Students: North America’s latest mining boom – by Julie Gordon (Mineweb.com – April 16, 2012)

www.mineweb.com

With skilled labour in severely short supply, mining companies are paying over the odds for new skills and students are flooding to mining schools in a bid to get a piece of the action.

(Reuters)  –  When Travis Howard started his degree at the Colorado School of Mines four years ago he decided to pursue a double major in mechanical engineering and metallurgy to give himself the best chance of landing a high-paying job when he graduated.
 
Turns out he had nothing to worry about. The 21-year-old, who dropped his mechanical classes to focus on mining after his second year, has accepted a job with Kinross Gold Corp at a starting salary of $64,000 a year plus bonuses.
 
With graduation still a month away, “pretty much everyone is sitting on an offer or two,” said Howard of his classmates, adding that some students were juggling four or five offers.
 
In fact, students at the Colorado School of Mines are some of the most employable in the country – 94 percent of 2011 graduates from the mining engineering, metallurgy and materials, geological engineering, and geophysics programs have jobs.
 
The average starting offer across the four departments was $65,868 a year, well above the $42,569 median that the National Association of Colleges and Employers expects first-time job seekers with college degrees to command in 2012.
 
The sky-high starting wages for fresh graduates highlights the difficulties faced by mining and exploration companies to find and retain skilled labor.

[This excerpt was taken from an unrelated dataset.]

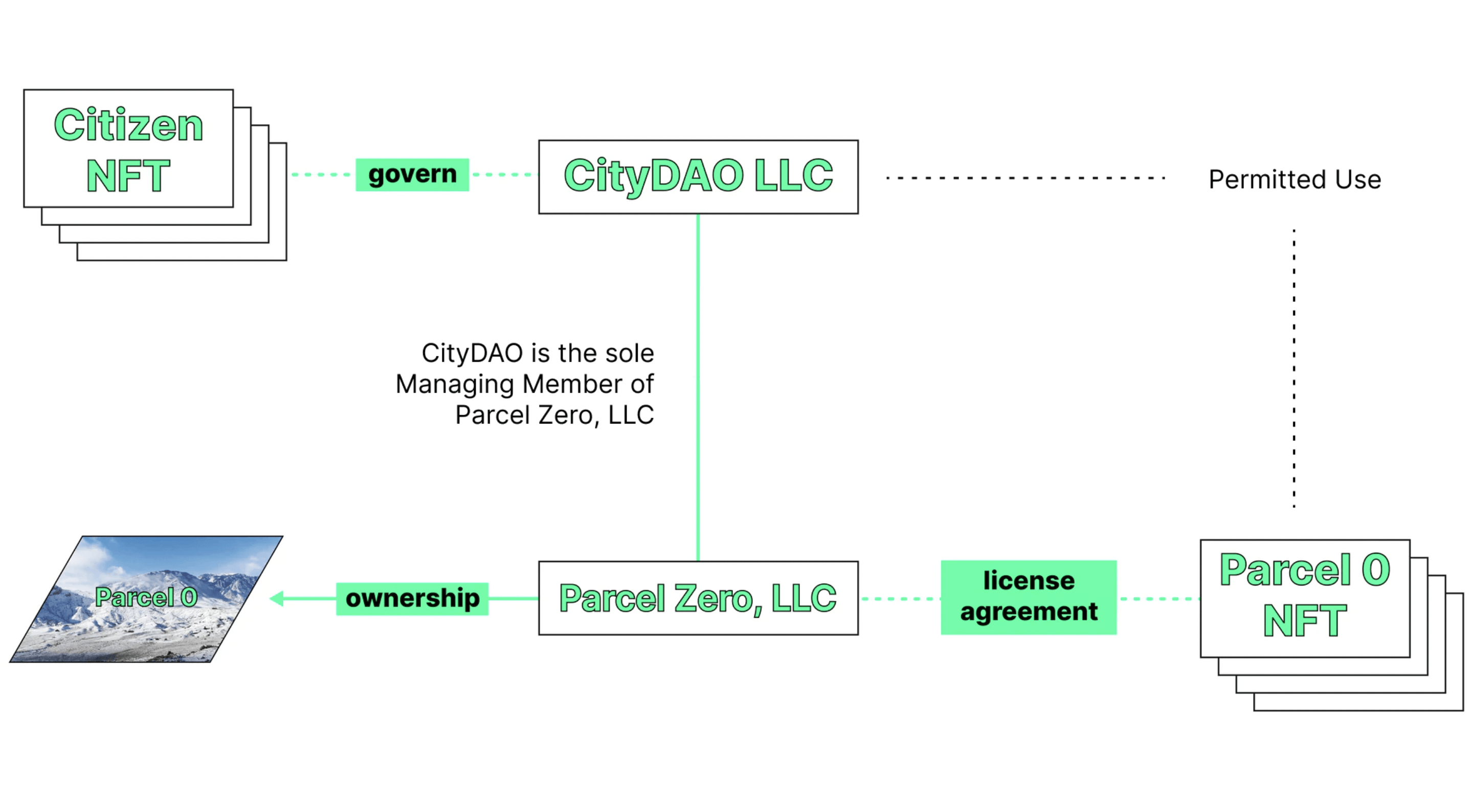 Paylaşılan bilgilere göre; şirketin sahiplendiği Parcel 0'nun yasal parsel sicil numarası (PIDN) ise 03570301302001 in Park County, Wyoming. Parcel Zero, LLC, Parcel 0'nun sahibi olarak konumlanacak, bu noktada CityDAO, LLC de Parcel Zero, LLC'nin sahibi konumunda olacak. Arsanın emlak vergisi ve sigortası Parcel Zero, LLC tarafından ödenecek.

In fact, mining CEOs often cite the labor crunch as their No. 1 cost pressure.
 
The problem is rooted in the low metals prices of the 1990s, when gold was worth $350 an ounce, and mining was the last choice for engineering and science students.
 
“When the mining industry was not in vogue, the colleges didn’t get the numbers coming in,” said Nick Eastwood, president of MinSouth and a consultant at Hunter Personnel. “So they shut their courses and got rid of the people who taught it.”
 
Fast-forward two decades, gold is worth more than $1,650 an ounce and there is a yawning shortage of mid-career professionals. The problem will get worse over the next decade, as the current crop of senior engineers, geologists and mining executives retires.
 
“When they go, the replacements just aren’t there,” said Eastwood, adding that most people working in the industry now are either aged 50 or more, or have less than five years experience. “There’s a leadership problem looming.”
 
The risk is that companies will end up simply not having enough skilled people to staff their project pipelines, and that could mean some will never come to fruition.
 
If new mines are shelved, it would put more pressure on the world’s current metal resources, and that could send commodity prices, already near record levels on demand from rapid urbanization in China and India, even higher.
 
For resource-rich countries such as Canada, Australia and Chile, along with developing nations such as Mexico and Ghana, fewer mines equates to lower royalties, fewer jobs and tax shortfalls, denting public coffers.
 
OPPORTUNITY KNOCKS
 
The prospect of a fast-tracked career and a hefty starting salary has students flocking to mining schools. The Colorado School of Mines, which also offers a range of non-mining science and engineering degrees, gets more than 11,000 applications each year and accepts less than 1,000 students.
 
In Canada, admissions to the top mining schools have nearly tripled in three years, helped by salaries that can be even higher for graduates who move abroad. Recruiters say six-figure starting rates are increasingly common in Australia, where mid-career engineers make more than $200,000 a year.
 
Indeed, the job market there is so hot that Australia has loosened its immigration policy to allow more highly skilled mine workers in on short-term visas, a type of reform that Canada is also considering.
 
“Ten years ago we were lucky to have one or two students applying,” said Ferri Hassani, a professor of mining engineering at McGill University in Montreal. “In some years it was that bad. But this year alone 250 people have applied to mining.”
 
But the rising supply of students brings its own problems, as bigger classes means more competition for the limited number of summer jobs in the field.
 
“We’re all looking for those four-month roles,” said Omar Aboulezz, a third-year mining engineering student at Queen’s University in Kingston, Ontario. “There’s a lot of students here who still don’t have summer jobs.”